Digitalisierung für Insolvenzverwalter – Abwicklung automatisieren

Die Abwicklung von Insolvenzverfahren ist ein anspruchsvolles und komplexes Tätigkeitsfeld, das eine bedeutende Funktion innehat. Innerhalb dieses Bereichs tragen Insolvenzverwalter eine verantwortungsvolle Rolle, da sie dazu verpflichtet sind, das Vermögen des Schuldners zu schützen, die Interessen der Gläubiger zu vertreten und den Ablauf des Verfahrens in eine geordneten Struktur zu lenken.

Die Aufgaben eines Insolvenzverwalters sind äußerst vielseitig. Sie umfassen die Verantwortung für sogenannte Hinterlegungen über Aufzeichnungen bis hin zu diversen Berichtspflichten. Klingt nach prall gefüllten Aktenmappen und hohen Papierstapeln? Bis vor nicht allzu langer Zeit war diese These höchstwahrscheinlich zutreffend. Doch die fortschreitende Digitalisierung und die Möglichkeit auf Prozessautomatisierung durch den Einsatz von Künstlicher Intelligenz (KI) sowie Maschinellem Lernen (ML) schafft Abhilfe.
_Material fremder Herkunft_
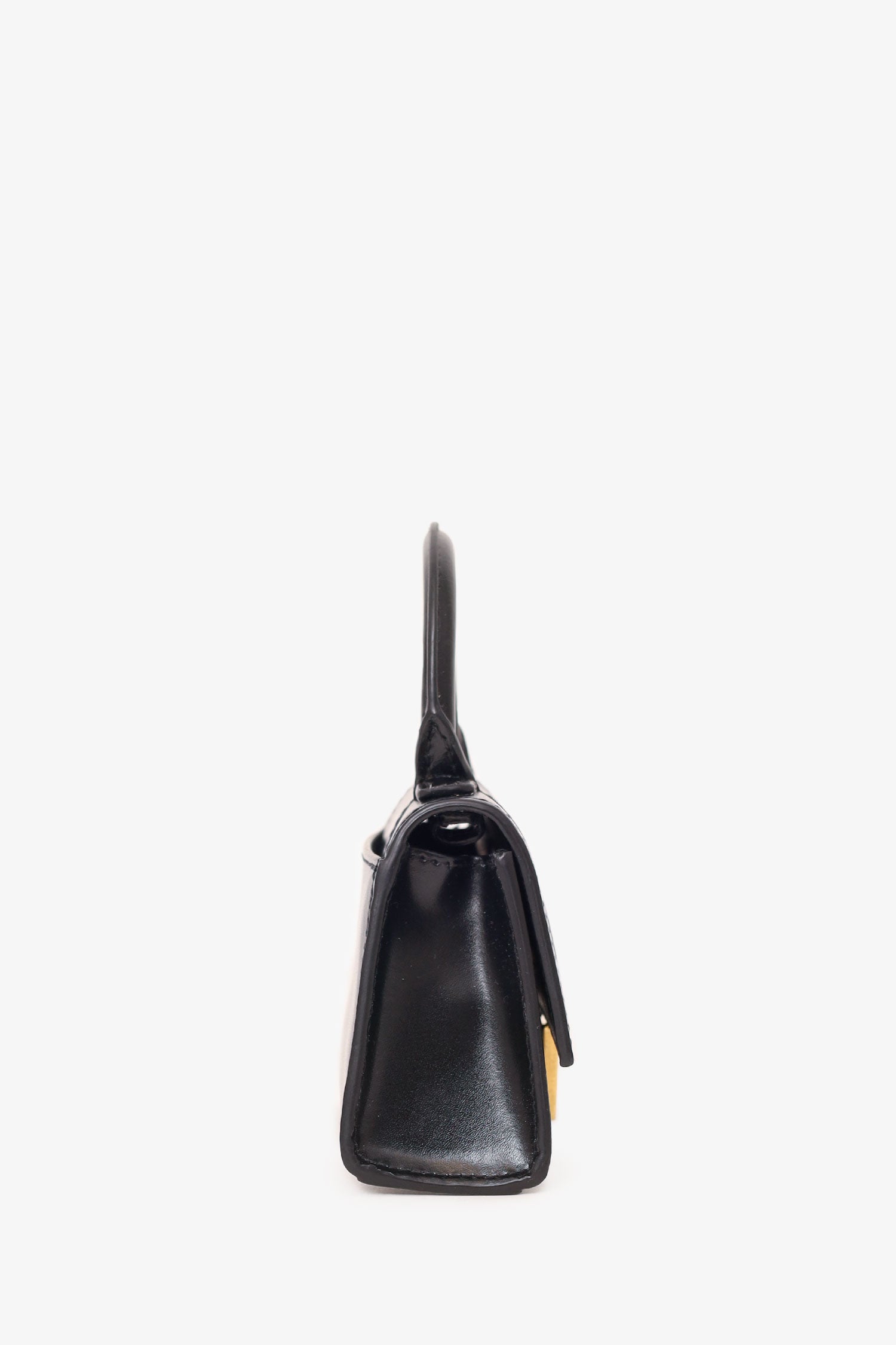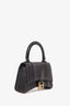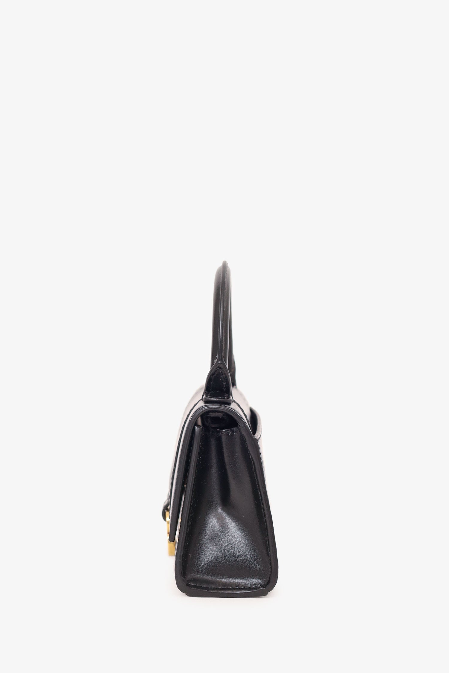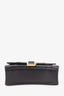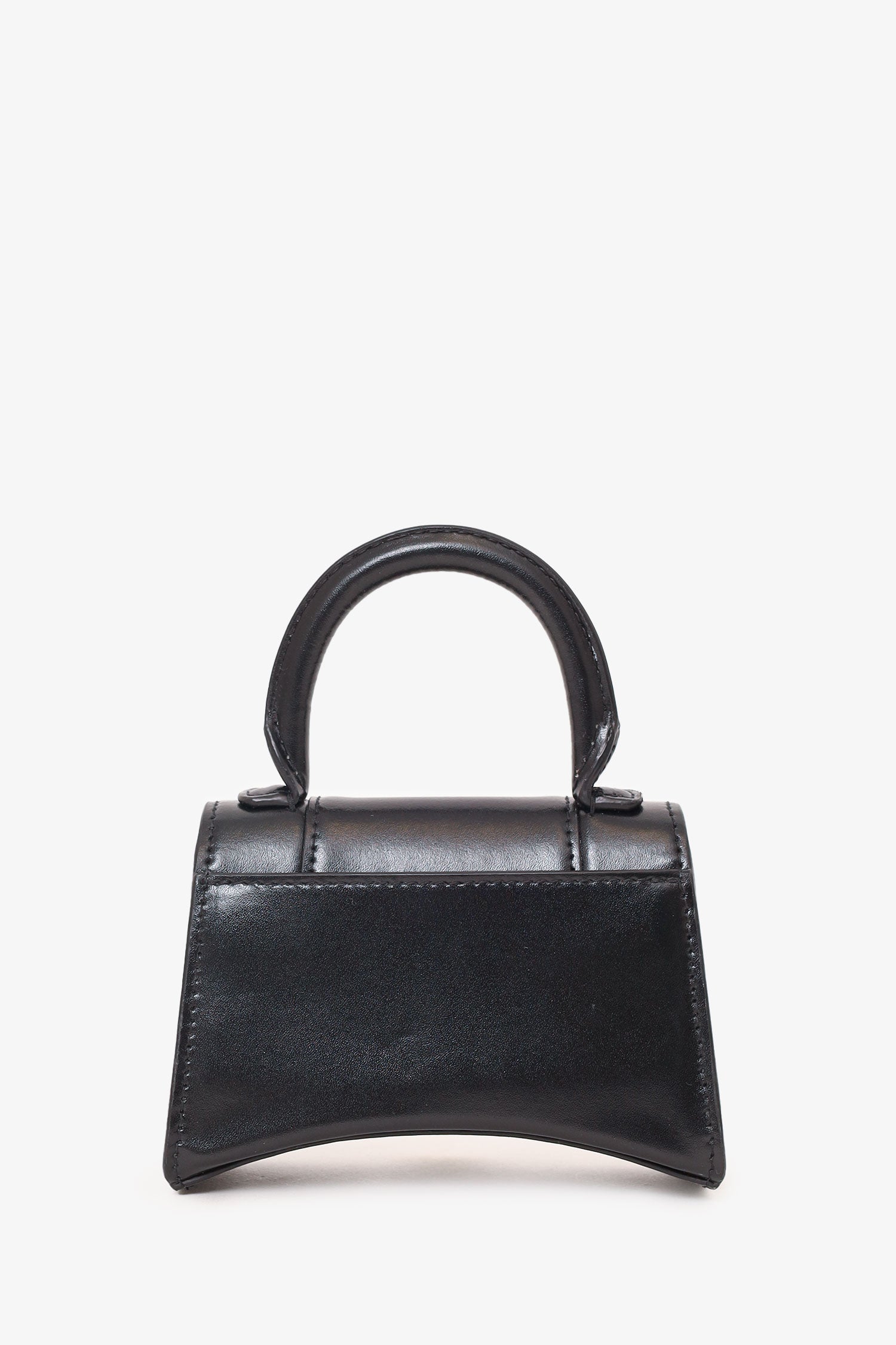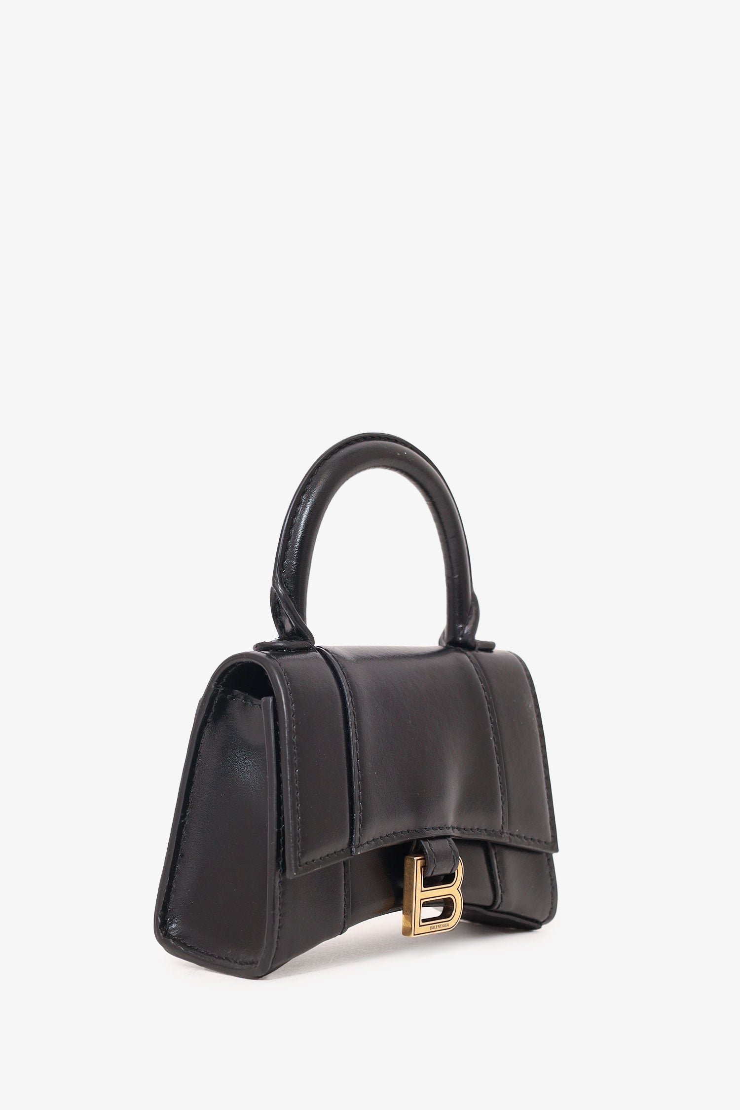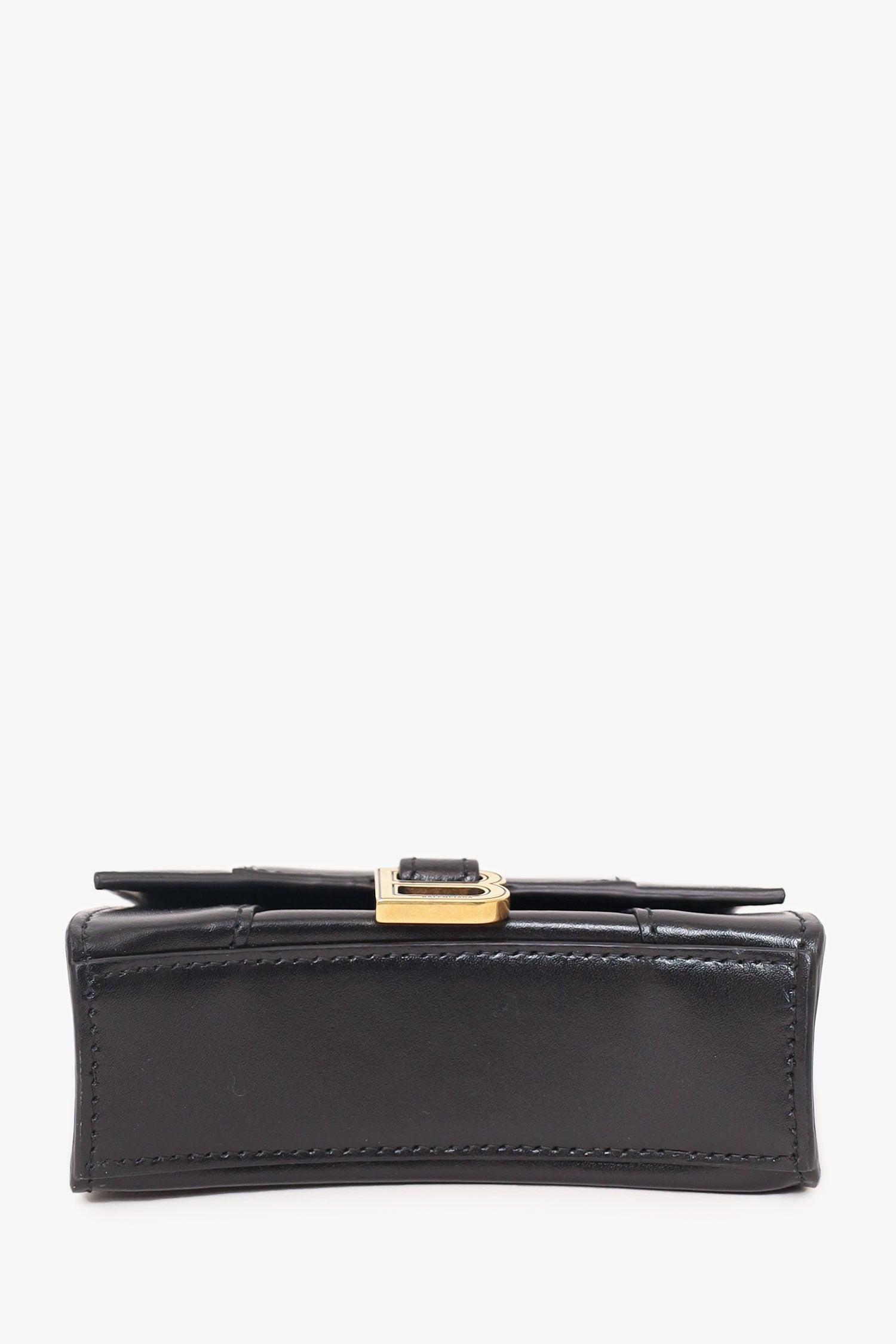 Refresh availabilityBalenciaga Black Leather Hourglass Belt Bag. Front fold-over flap with snap button closure. Adjustable pull through buckle closure crossbody strap. Top handle. Open interior with single wall slip pocket. Gold-tone hardware. Tonal stitching.

Insolvenzverwalter als Schlüsselrolle in der Insolvenzabwicklung

Bevor wir in diesem Artikel die verschiedenen Aspekte der Digitalisierung für Insolvenzverwalter beleuchten und aufzeigen, wie diese von den Vorteilen einer automatisierten Herangehensweise an die Abwicklung des Insolvenzverfahrens profitieren, schaffen wir einen Überblick über die Hintergründe rund um das Thema Insolvenz und in welchem Kontext die Insolvenzverwaltung dazu steht.

Zustand der Insolvenz und Einleitung eines Insolvenzverfahrens

Falls ein Schuldner nicht in der Lage ist, seine bestehenden Zahlungsverpflichtungen gegenüber den Gläubigern zu erfüllen, wird dieser Zustand als Insolvenz bezeichnet. In solchen Fällen wird das Insolvenzverfahren eingeleitet, das zum Ziel hat, die Zahlungsfähigkeit entweder wiederherzustellen oder zumindest eine geordnete Abwicklung der Situation sicherzustellen. Innerhalb dieses Verfahrens wird vom Gericht einen Insolvenzverwalter benannt.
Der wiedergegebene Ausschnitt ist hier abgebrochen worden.